The US Treasury recently finalized rules under Section 385 and addressed “earning stripping” with the use of cross-border debt that could reduce US income taxes. Also, with the finalized rules, many forms of cash pooling and short-term debt utilized for working capital purposes have been excluded and timelines in many respect seem more manageable. Now, companies can take steps to comply along the new timelines in step with reviewing their cash pooling structures to more effectively harness and utilize their liquidity. 

Meanwhile, the OECD-led Base Erosion and Profit Shifting initiative is transitioning into implementation in many countries. Here, the chief goals are to improve cohesion of tax rules across countries, while ensuring greater transparency and compliance. As a consequence, some companies are changing trading models that drive where taxable income is generated. Since trading model changes may affect the company’s cash and funding needs, both in amount and where these arise, treasury teams will be kept busy. 

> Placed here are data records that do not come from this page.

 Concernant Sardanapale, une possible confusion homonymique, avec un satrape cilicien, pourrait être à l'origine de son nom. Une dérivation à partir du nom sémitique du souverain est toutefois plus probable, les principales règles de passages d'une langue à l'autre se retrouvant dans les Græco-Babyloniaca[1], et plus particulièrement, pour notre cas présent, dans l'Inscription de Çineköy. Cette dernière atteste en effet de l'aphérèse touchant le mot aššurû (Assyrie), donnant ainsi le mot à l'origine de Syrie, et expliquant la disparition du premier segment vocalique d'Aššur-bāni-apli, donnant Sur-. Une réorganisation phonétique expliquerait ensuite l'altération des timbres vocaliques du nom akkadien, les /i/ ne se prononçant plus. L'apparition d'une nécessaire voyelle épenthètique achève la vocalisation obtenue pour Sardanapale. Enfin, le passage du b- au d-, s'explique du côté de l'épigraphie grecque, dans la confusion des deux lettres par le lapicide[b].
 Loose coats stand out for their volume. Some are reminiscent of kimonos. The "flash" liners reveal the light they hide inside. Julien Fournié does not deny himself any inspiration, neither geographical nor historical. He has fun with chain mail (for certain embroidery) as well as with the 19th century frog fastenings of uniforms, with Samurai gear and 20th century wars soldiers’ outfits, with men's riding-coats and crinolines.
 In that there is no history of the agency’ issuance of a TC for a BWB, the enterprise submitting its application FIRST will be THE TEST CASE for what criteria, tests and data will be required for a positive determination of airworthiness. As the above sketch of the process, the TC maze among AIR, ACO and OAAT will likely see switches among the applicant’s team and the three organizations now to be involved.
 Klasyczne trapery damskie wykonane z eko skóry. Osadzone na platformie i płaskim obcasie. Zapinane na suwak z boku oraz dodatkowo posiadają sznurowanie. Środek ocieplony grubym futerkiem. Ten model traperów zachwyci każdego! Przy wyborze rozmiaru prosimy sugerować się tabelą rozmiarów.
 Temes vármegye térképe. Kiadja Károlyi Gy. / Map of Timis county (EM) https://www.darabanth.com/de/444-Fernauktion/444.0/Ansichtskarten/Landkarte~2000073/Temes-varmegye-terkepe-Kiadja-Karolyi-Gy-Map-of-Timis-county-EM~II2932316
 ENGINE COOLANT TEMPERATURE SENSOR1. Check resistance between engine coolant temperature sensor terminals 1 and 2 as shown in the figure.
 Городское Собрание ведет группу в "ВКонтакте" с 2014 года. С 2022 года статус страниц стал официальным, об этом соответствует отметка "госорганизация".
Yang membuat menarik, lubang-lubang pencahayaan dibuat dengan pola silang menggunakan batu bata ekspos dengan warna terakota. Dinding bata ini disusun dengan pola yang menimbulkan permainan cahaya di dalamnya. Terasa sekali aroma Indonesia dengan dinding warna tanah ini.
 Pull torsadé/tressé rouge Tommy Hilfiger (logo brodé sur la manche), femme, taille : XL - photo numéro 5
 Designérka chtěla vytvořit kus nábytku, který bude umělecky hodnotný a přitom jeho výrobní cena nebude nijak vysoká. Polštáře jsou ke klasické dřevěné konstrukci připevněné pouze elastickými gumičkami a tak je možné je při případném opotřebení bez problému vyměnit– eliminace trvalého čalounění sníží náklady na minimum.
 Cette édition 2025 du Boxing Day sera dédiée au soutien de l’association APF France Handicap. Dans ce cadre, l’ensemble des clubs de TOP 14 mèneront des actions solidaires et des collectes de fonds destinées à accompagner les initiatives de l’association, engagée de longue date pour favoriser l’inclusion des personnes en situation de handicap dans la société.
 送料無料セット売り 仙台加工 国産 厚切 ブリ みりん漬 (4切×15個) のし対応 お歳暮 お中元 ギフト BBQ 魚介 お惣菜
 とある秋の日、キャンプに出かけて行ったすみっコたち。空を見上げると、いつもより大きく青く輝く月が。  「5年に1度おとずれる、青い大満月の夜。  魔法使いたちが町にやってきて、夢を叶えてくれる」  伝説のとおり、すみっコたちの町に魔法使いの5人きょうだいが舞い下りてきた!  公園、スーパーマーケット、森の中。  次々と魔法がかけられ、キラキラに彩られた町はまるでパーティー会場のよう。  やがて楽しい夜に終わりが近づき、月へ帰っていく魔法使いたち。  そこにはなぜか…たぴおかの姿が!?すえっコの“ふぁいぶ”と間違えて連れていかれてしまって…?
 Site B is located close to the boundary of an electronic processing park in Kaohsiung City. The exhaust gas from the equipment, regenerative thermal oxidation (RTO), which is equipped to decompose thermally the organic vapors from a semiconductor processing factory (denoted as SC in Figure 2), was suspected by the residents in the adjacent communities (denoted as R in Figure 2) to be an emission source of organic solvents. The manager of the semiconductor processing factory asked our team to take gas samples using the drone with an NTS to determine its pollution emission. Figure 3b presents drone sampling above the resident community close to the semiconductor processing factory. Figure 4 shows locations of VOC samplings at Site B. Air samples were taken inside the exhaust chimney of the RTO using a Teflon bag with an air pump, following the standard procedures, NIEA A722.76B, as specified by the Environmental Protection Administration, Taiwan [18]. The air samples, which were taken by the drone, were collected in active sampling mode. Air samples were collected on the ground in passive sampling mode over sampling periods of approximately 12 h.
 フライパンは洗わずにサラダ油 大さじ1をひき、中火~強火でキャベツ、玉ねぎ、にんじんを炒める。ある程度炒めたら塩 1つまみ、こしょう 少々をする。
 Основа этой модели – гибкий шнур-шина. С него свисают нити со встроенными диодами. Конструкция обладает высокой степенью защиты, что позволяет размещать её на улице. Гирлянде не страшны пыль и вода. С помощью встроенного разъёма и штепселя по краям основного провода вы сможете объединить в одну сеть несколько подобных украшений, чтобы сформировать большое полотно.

The view ahead: creating optionality

Treasurers may sometimes feel as if new challenges never cease to arrive. What is clear is they cannot lessen the drive to centralize treasury operations and automate processes. Doing so equips treasury teams to shift away from tactical or operational mode, creating capacity to manage the unexpected and to bring treasury’s unique perspectives to the business for greater value.






This article is for information purposes only and does not constitute legal or other advice. The information contained in this article is believed to be accurate, but Citi makes no representation or warranty with regard to the accuracy or completeness of any information contained herein. Citi is not liable for any consequences of any entity relying on this article.